Stage 1: Select a units digit Since the units digit MUST be 0 for this case, we can complete stage 1 in 1 way
Stage 2: Select a hundreds digit The hundreds digit can be 1,2,3,4,5,6,7,8 or 9 So, we can complete stage 2 in 9 ways
Stage 3: Select a tens digit The tens digit can be any of the 10 digits EXCEPT for 0 and the number selected for the hundreds digit So, we can complete stage 3 in 8 ways
By the Fundamental Counting Principle (FCP), we can complete all 3 stages (and thus create a 3-digit number) in (1)(9)(8) ways (= 72 ways) ---------------------------------- Case B: We DO NOT choose zero for the units digit
Stage 1: Select a units digit Since the units digit must be EVEN (but can't be 0), the units digit can be (2,4,6 or 8) So, we can complete stage 1 in 4 ways
Stage 2: Select a hundreds digit There are 10 digits in total. HOWEVER, the hundreds digit cannot be zero, AND the hundreds digit cannot be the same as the units digit (since all 3 digits are DIFFERENT) So, we can complete stage 2 in 8 ways
Stage 3: Select a tens digit The tens digit can be any of the 10 digits EXCEPT for the two digits selected for the hundreds and units place So, we can complete stage 3 in 8 ways
By the Fundamental Counting Principle (FCP), we can complete all 3 stages (and thus create a 3-digit number) in (4)(8)(8) ways (= 256 ways) ----------------------------------------
So, the TOTAL number of possible 3-digit numbers = 72 + 256 = 328
Re: How many different 3-digit even numbers can be formed
[#permalink]
17 Sep 2022, 06:52
2
Another way to solve it this: Count the number of ways a zero can be the hundred's digit. Subtract this number from the total number of ways.

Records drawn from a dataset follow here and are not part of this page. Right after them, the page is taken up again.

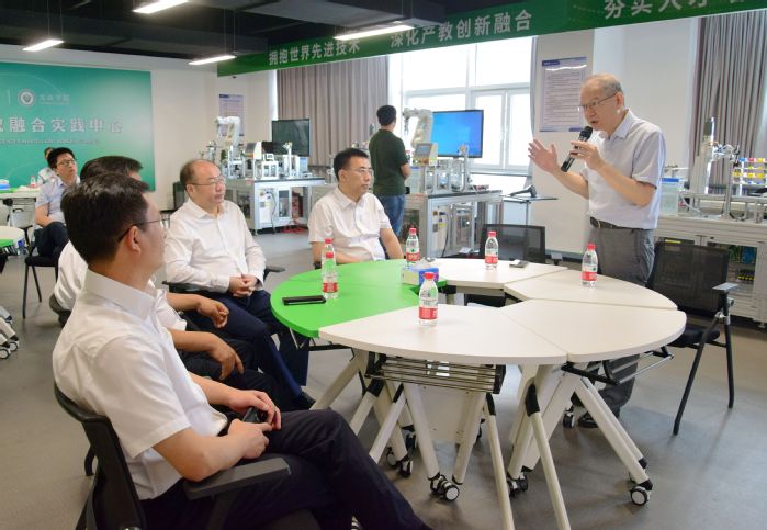 在大眾學(xué)院,張洪彬一行實(shí)地參觀調(diào)研了智能制造系統(tǒng)集成技術(shù)應(yīng)用創(chuàng)新中心、數(shù)字孿生技術(shù)及應(yīng)用工程中心和多模態(tài)工業(yè)設(shè)備狀態(tài)監(jiān)測(cè)實(shí)驗(yàn)室,認(rèn)真聽取了大眾學(xué)院建設(shè)發(fā)展情況,充分肯定了大眾學(xué)院在產(chǎn)教融合和專業(yè)、就業(yè)、產(chǎn)業(yè)“三業(yè)一體”應(yīng)用型人才培養(yǎng)方面取得的成果,鼓勵(lì)學(xué)院凝練特色,創(chuàng)新發(fā)展思路,加強(qiáng)校企協(xié)同育人,切實(shí)提升服務(wù)地方經(jīng)濟(jì)社會(huì)發(fā)展的能力和水平。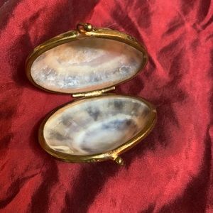 Vintage Real Shell treasure box outlined in brass with closure.Unusual..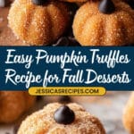 I’m a sucker for the little pumpkin look—those tiny indents and chocolate chip “stems” give these truffles an adorable festive touch. Sometimes I sprinkle a little extra cinnamon sugar on top right before serving for a sparkly finish.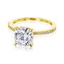 A perfect stunner, our Kobelli Cushion Petite Engagement Ring flaunts a 2 carat cushion-cut moissanite center stone with round edges carefully held by 4-prong loop pegs in a basket setting. This brilliant-cut cushion ring recreates an astonishing brilliance reflecting light well enough that it shines even in a fair amount of lighting. 22 round diamond side stones grace the 14K solid gold brand in a semi-eternity fashion. This enormous beauty a dream come to life.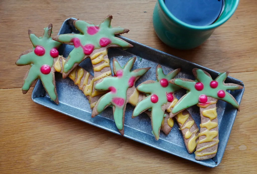 Mine julekaker blir i år litt annerledes enn pepperkakehjerter. Jeg har laget fargerike kjeks med kaffe og kakao. På Hawaii er det vanlig å bruke begge disse ingrediensene i matlaging. Ikke så rart med tanke på at de dyrker både kakao og kaffe på øyene.

First, total number of ways: Put an even digit in the unit's place: this can be done in 5 ways (0, 2, 4, 6, 8). Put any remaining digit in the ten's place: this can be done in 9 ways. Put any remaining digit in the hundred's place: this can be done in 8 ways.
Total: 5x9x8 = 360
Second, count the number of ways a zero can be the hundred's digit:
Put an even digit in the unit's place: this can be done in 4 ways (2, 4, 6, 8). Remember, we will put 0 in the hundred's place. Put any remaining digit in the ten's place: this can be done in 8 ways. Put any a zero in the hundred's place: this can be done in 1 ways.